Je bascule le menton pour relever vers la sombre créature un regard coupable. Cela faisait déjà plusieurs heures qu’il me besogne. Il est absolument infatigable, et son sexe, vraiment très gros. Cette pause est bienvenue : je commençais à avoir mal au cul.

— Je ne suis pas vierge, si c’est ça que tu demandes... tenté-je.

En tout cas, après cette séance, c’était sûr que je ne le suis plus. Baphomet m’a prise dans toutes les positions imaginables. Présentement, je suis assise dos contre lui, les cuisses largement écartées, tandis qu’il me soutient de ses bras puissants. De temps en temps, il me mordille le cou, ou me pince un téton. Le rythme est devenu plutôt tranquille, mais il ne s’arrête pas.

— Tu sais très bien ce que je veux dire. Tu t’es déjà donnée à un autre comme moi ! Cet Asmodius est un con, oublie-le.

Un autre comme lui... Je prends la balle au bond.

— Qu’est-ce que vous êtes, exactement ? demandé-je en me retournant. Des djinns ? Des esprits baiseurs ?

Je ne crois pas en Dieu, donc pas en Diable non plus. Mais il y a peut-être une dimension parallèle à la nôtre, invisible, peuplée d’êtres différents qui peuvent, dans certains cas, interragir avec nous.

Le rire caverneux de Baphomet résonne dans les ténèbres de la chambre.

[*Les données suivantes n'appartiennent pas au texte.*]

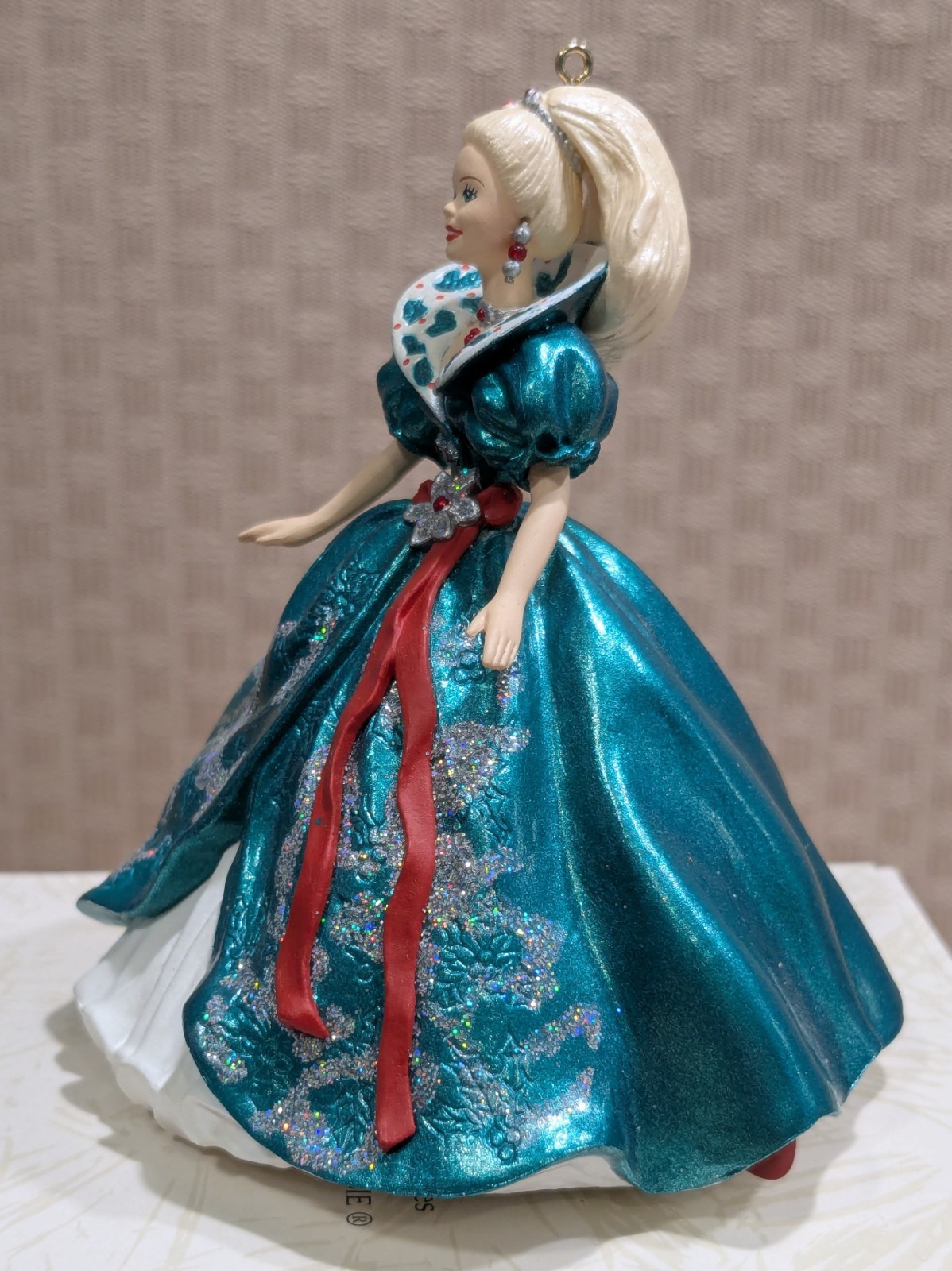 Celebrate the season with the 1995 Hallmark Keepsake Holiday Barbie Ornament, 2nd in the Collector’s Series. Inspired by the beloved 1995 Holiday Barbie doll, she wears a rich red gown with gold accents. A timeless addition to any tree and a must-have for Barbie and ornament collectors alike!

— Je préfère le terme de démons, ricane-t-il. Ou d’anges : ça dépend quel genre de goûts tu as, et ce que tu mets dessus ! Toi, on peut dire que tu es une bonne cliente.

Demons to some. Angels to others. Une petite phrase bien familière...

— Comme les Cénobites dans le premier Hellraiser, donc, interprété-je, convoquant sa science des films de genre. Sauf que vous, vous baisez vraiment les gens, et que je n’ai résolu aucun puzzle... comment êtes-vous venus ?

— Tu nous as invoqués.

Je hausse un sourcil dubitatif.

— Avec des godes achetés sur Internet ?

— Je ne peux pas t’en dire plus, grogne Baphomet. Je suis tenu par les liens du contrat. L’invoqué ne peut délivrer aucune information à l’invocateur.

— Le contrat ? Quel contrat ?

— Je peux rien dire. Je suis tenu par les liens du contrat, répète-t-il en me repoussant sur le lit.

La créature s’est redressée de toute sa stature. Debout, avec ses immenses cornes, elle touche presque le plafond.

— Asmodius a imprimé sa marque en toi, insiste Baphomet. Tu es sa sorcière, désormais ! Mais ça ne va pas m’empêcher de te baiser.

— Tu connais bien l’autre démon ?

— Il ne te l’avait pas dit ? Je travaille avec lui. Il est tellement vaniteux, égocentrique et autoritaire… ça ne m’étonne pas qu’il ne t’ai jamais parlé de moi. Pourtant, j’accomplis tout son sale boulot.

— Non, il ne t’a jamais mentionné. Et toi ? Tu t’appelles vraiment Baphomet ?

— Je ne donne pas mon nom aux femelles dont le ventre est déjà plein de la semence d’un autre, gronde-t-il.

— Mais ça ne t’a pas dérangé de me faire le cul toute la nuit... bougonné-je, vexée par ce slut-shaming malvenu.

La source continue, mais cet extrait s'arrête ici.